- Given data
========================================

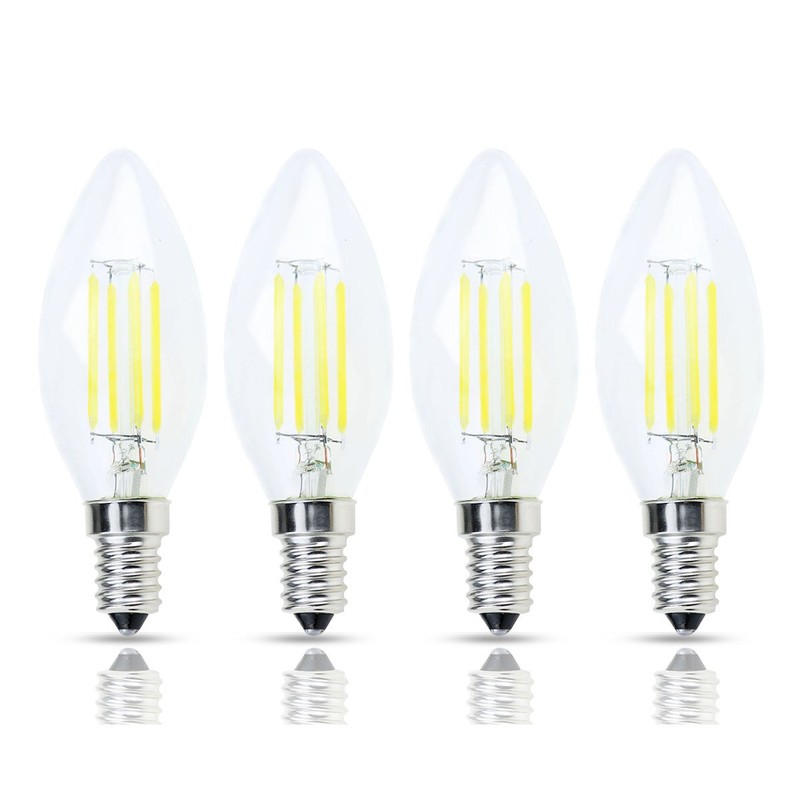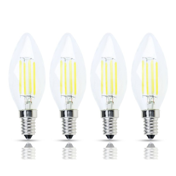 Lamsky E14 European Base LED Filament C35 Bullet Top Vintage Edison Bulb,4W Daylight 6000K, No-Dimmable,4-Pack
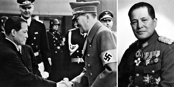 Союзники: посол Японии в Берлине Хироси Осима и рейхсканцлер Германии Адольф Гитлер. Справа парадный портрет генерал-лейтенанта Осимы с тем самым «Золотым большим крестом ордена Заслуг германского орла» (под нагрудным карманом)
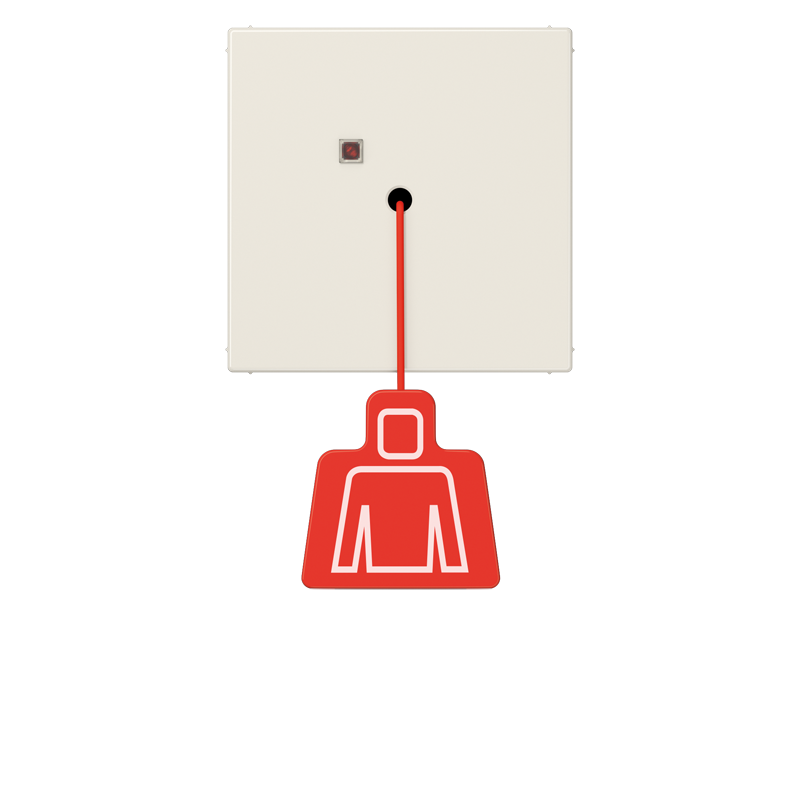 Легко доступный в ванной комнате или туалете шнурок от кнопки вызова. Чтобы быть легче доступным для людей, нуждающимся в помощи, она может быть также расположена на потолке в середине комнаты. Красная лампочка на кнопке вызова сигнализирует, что сигнал успешно передан.
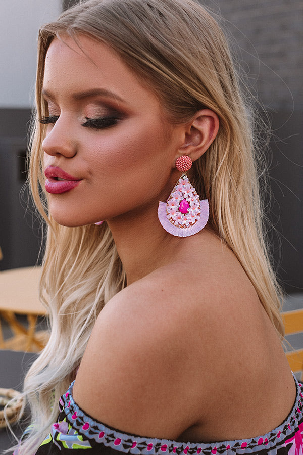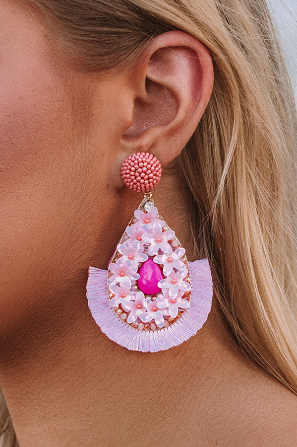 These adorable pink statement earrings are surely a "treasure" with their beaded half ball studs and dangling sequin flower teardrops with accent tassel fans!
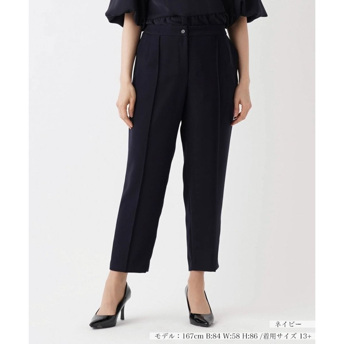 しっかりと入ったセンターシームがきりっとした印象を与え、裾に向かって緩やかに細くなるテーパードシルエットで美しいレッグラインを際立たせるアンクルパンツ。適度に深めに取られた股上が程よいリラックス感をもたらし、快適なはき心地を実現します。無駄な装飾を省いたシンプルなデザインで長く愛用でき、ビジカジから休日カジュアルまで多彩なコーディネートにフィットするワードローブの必須アイテムです。フロントボタン×ファスナーにより着脱が可能。
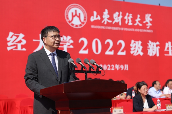 山東財(cái)經(jīng)大學(xué)校長趙忠秀在2022級新生開學(xué)典禮上講話。校方供圖
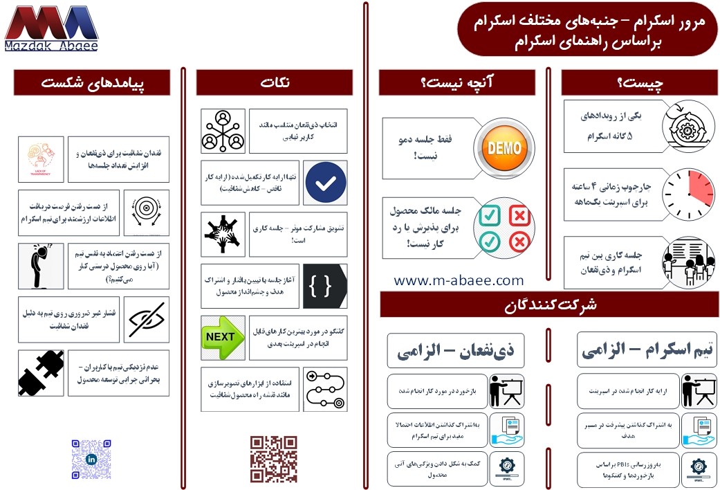 مجموعه ۱۶ گانه «مقدمهای بر اسکرام» از وبسایت www.responsiveadvisors.com، به طور خلاصه این چارچوب چابک را معرفی میکند. در هر بخش (پست) یک یا چند جنبه کلیدی اسکرام تشریح شدهاست. آیا مرور (بازبینی) اسپرینت در تمام اسپرینتها موضوعیت دارد؟ برای این رویداد چه چیزهایی باید آماده کرده باشیم؟ مرور (بازبینی) اسپرینت چیست؟ در این پست […]
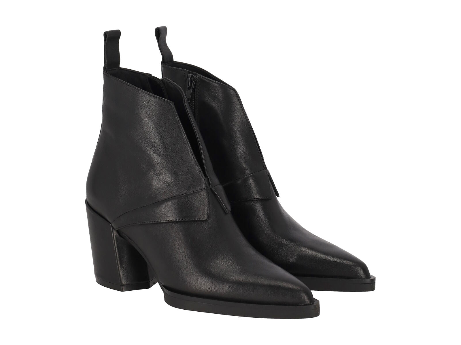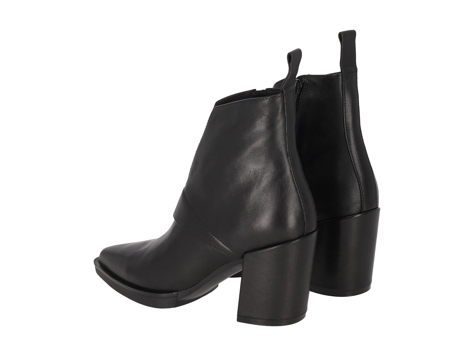 Tronchetto texano in pelle con scollo asimmetrico e zip a lato , tacco largo altezza 8 cm .
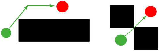 In this paper, the APF algorithm is applied to raster maps, but the traditional raster maps and Dijkstra’s algorithm have the following defects: firstly, although the child node generated by the algorithm is not in the range of the obstacle, the connecting line of the child node and the parent node is easy to be close to the obstacle, and secondly, in the actual path planning, there are some concave obstacles as well as some extremely narrow roads, which cause the algorithm to waste unnecessary resource area to explore these unnecessary grids, as shown in Figure 3.
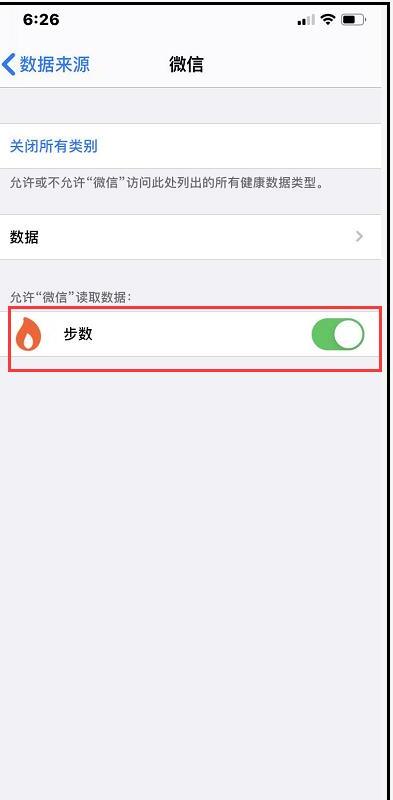 设置到这一步之后,就差一步就完成了,直接在此页面中把步数那栏的小圆点点开,成绿色就行了,这就打开了。
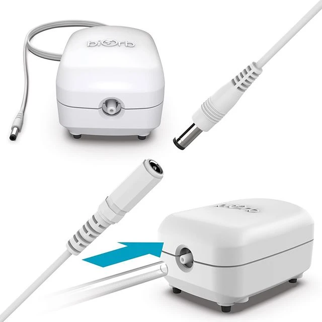 The air pump on your biOrb works very hard, 24 hours a day and like all mechanical parts will eventually wear out. You may notice that the pump becomes noisier or the bubbles less vigorous. At which point it may be time to replace your air pump. Replacing the air pump is simply a case of unplugging the old one and plugging in the new. Simple instructions are supplied. If your air pump stops working replace it as soon as you can to minimise interruption to the filtration. It is advisable to keep a spare air pump so that if it fails you can replace it straight away.
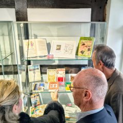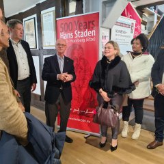 Gemeinsam mit Vertreterinnen und Vertretern aus Homberg besichtigte die Delegation die Ausstellung über das Leben und Wirken Hans Stadens, die Teil der Darstellung der Reformationsgeschichte der Stadt ist.
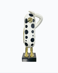 The sculpture features a whimsical cartoon bird character, characterized by its playful proportions and exaggerated features. The bird is painted in a striking white with black polka dots, adding a fun and modern touch. The beak, legs, and feet are finished in a polished gold tone, contrasting beautifully with the monochromatic body. Its expressive pose, with one wing raised as if waving, adds a sense of movement and charm.
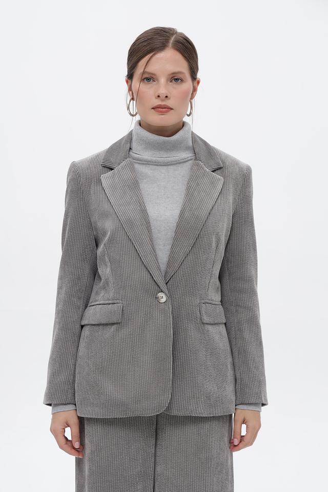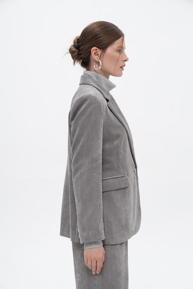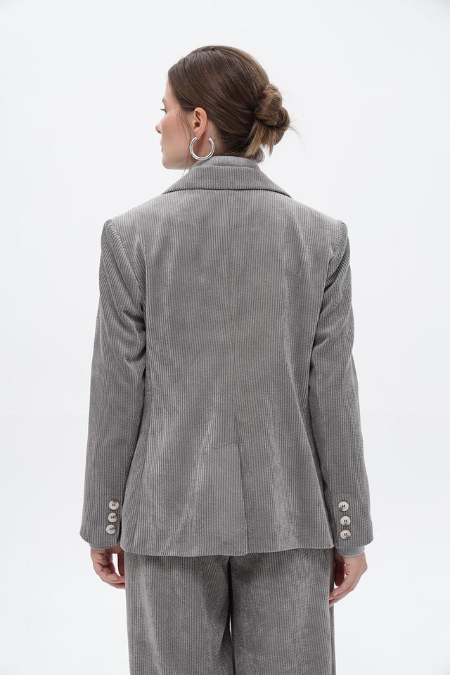 Серый жакет Croche из вельвета в полоску — стильное решение для создания элегантного образа. Изготовлен из полиэстера с добавлением полиамида и эластана, обеспечивающих комфорт и свободу движений. Состав: полиэстер 88%, полиамид 11%, эластан 1%
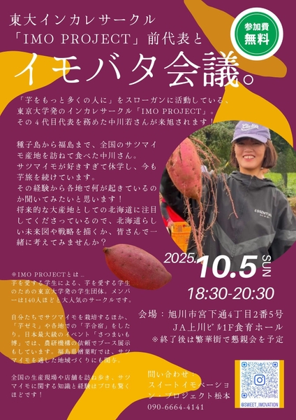 東京大学発のインカレサークルの元代表に旭川まで来ていただき、道外からの視点で、北海道のサツマイモのこれからを展望してもらうというもの。サツマイモ関係者同士でネットワークができればなという狙いもあります。例えばJAや市町村の境界を挟むと、お互いを知らない、ということはよくありますからね。
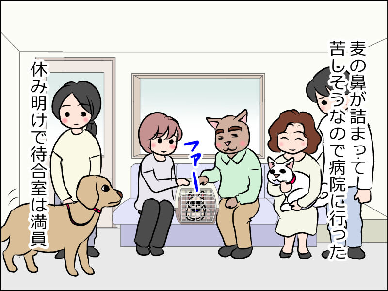 麦が鼻が詰まって苦しそうだったので病院に行きました。
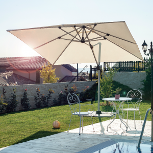 CLK Mykonos Şemsiye 3×3 Metre Alüminyum Krem Yandan Kollu Dirsekli Bahçe Cafe Şemsiyesi
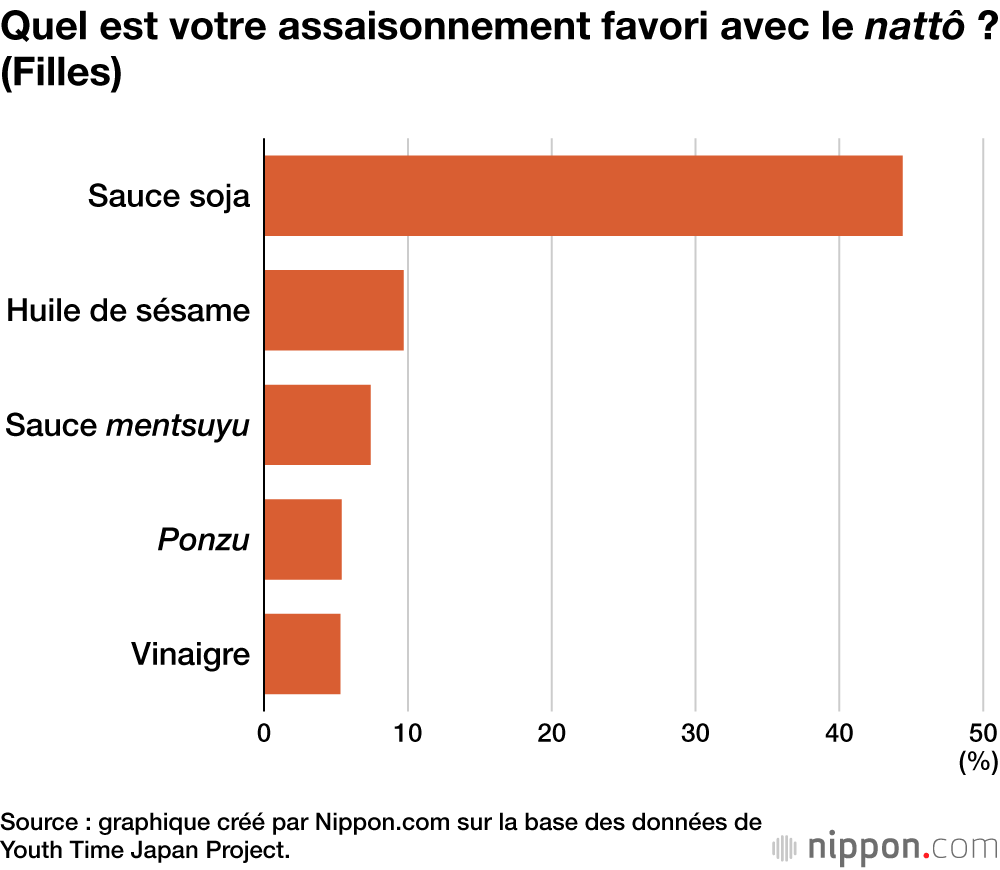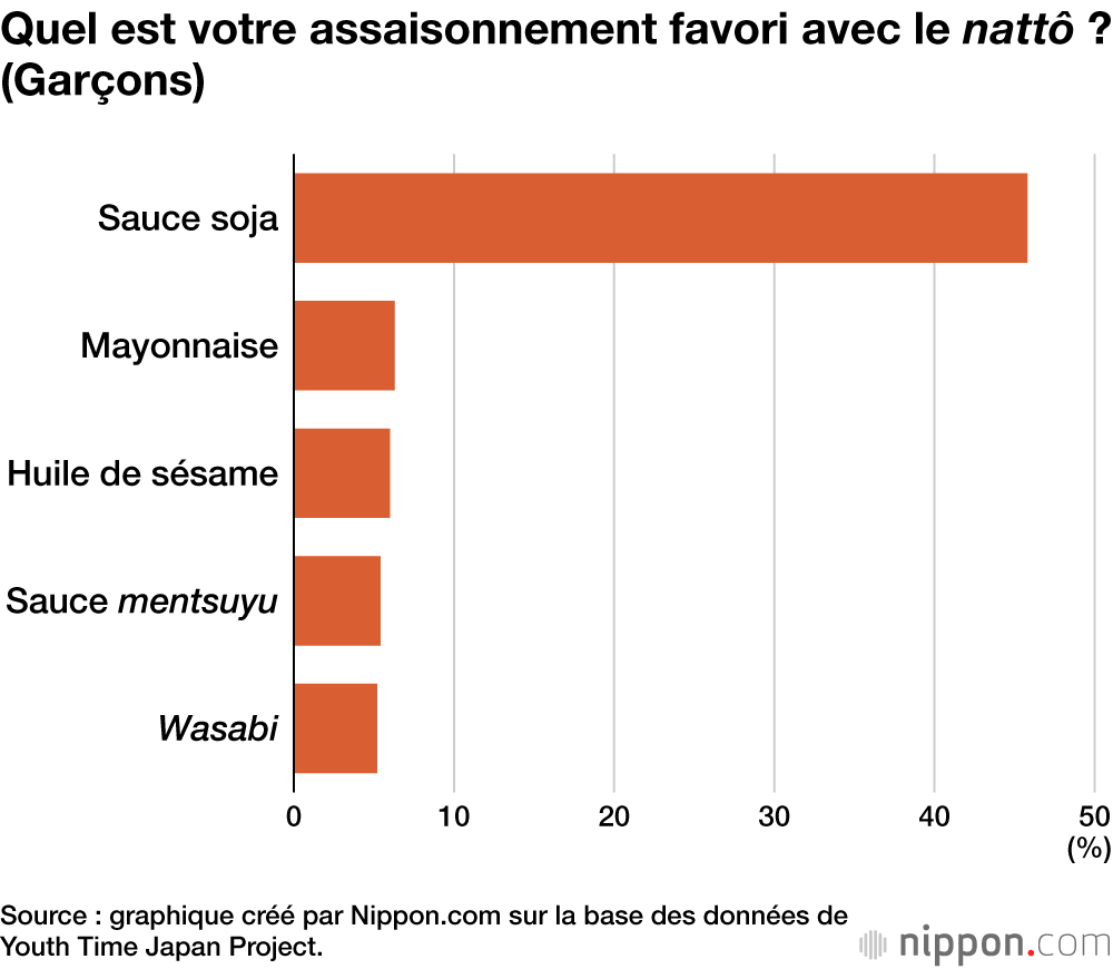 En leur demandant quel type d’assaisonnement ils utilisaient pour consommer le nattô (hormis la moutarde karashi et la sauce sucrée tare fournis avec le produit à l’achat), la sauce soja arrivait en tête pour les garçons comme les filles (environ 45 %).

========================================

- Task instructions
In the data above, take the line with "Легко доступный в", the line with "设置到这一步之后,就差一步就", and every line between, and set them down exactly without pictures.

- Task response
 Легко доступный в ванной комнате или туалете шнурок от кнопки вызова. Чтобы быть легче доступным для людей, нуждающимся в помощи, она может быть также расположена на потолке в середине комнаты. Красная лампочка на кнопке вызова сигнализирует, что сигнал успешно передан.
 These adorable pink statement earrings are surely a "treasure" with their beaded half ball studs and dangling sequin flower teardrops with accent tassel fans!
 しっかりと入ったセンターシームがきりっとした印象を与え、裾に向かって緩やかに細くなるテーパードシルエットで美しいレッグラインを際立たせるアンクルパンツ。適度に深めに取られた股上が程よいリラックス感をもたらし、快適なはき心地を実現します。無駄な装飾を省いたシンプルなデザインで長く愛用でき、ビジカジから休日カジュアルまで多彩なコーディネートにフィットするワードローブの必須アイテムです。フロントボタン×ファスナーにより着脱が可能。
 山東財(cái)經(jīng)大學(xué)校長趙忠秀在2022級新生開學(xué)典禮上講話。校方供圖
 مجموعه ۱۶ گانه «مقدمهای بر اسکرام» از وبسایت www.responsiveadvisors.com، به طور خلاصه این چارچوب چابک را معرفی میکند. در هر بخش (پست) یک یا چند جنبه کلیدی اسکرام تشریح شدهاست. آیا مرور (بازبینی) اسپرینت در تمام اسپرینتها موضوعیت دارد؟ برای این رویداد چه چیزهایی باید آماده کرده باشیم؟ مرور (بازبینی) اسپرینت چیست؟ در این پست […]
 Tronchetto texano in pelle con scollo asimmetrico e zip a lato , tacco largo altezza 8 cm .
 In this paper, the APF algorithm is applied to raster maps, but the traditional raster maps and Dijkstra’s algorithm have the following defects: firstly, although the child node generated by the algorithm is not in the range of the obstacle, the connecting line of the child node and the parent node is easy to be close to the obstacle, and secondly, in the actual path planning, there are some concave obstacles as well as some extremely narrow roads, which cause the algorithm to waste unnecessary resource area to explore these unnecessary grids, as shown in Figure 3.
 设置到这一步之后,就差一步就完成了,直接在此页面中把步数那栏的小圆点点开,成绿色就行了,这就打开了。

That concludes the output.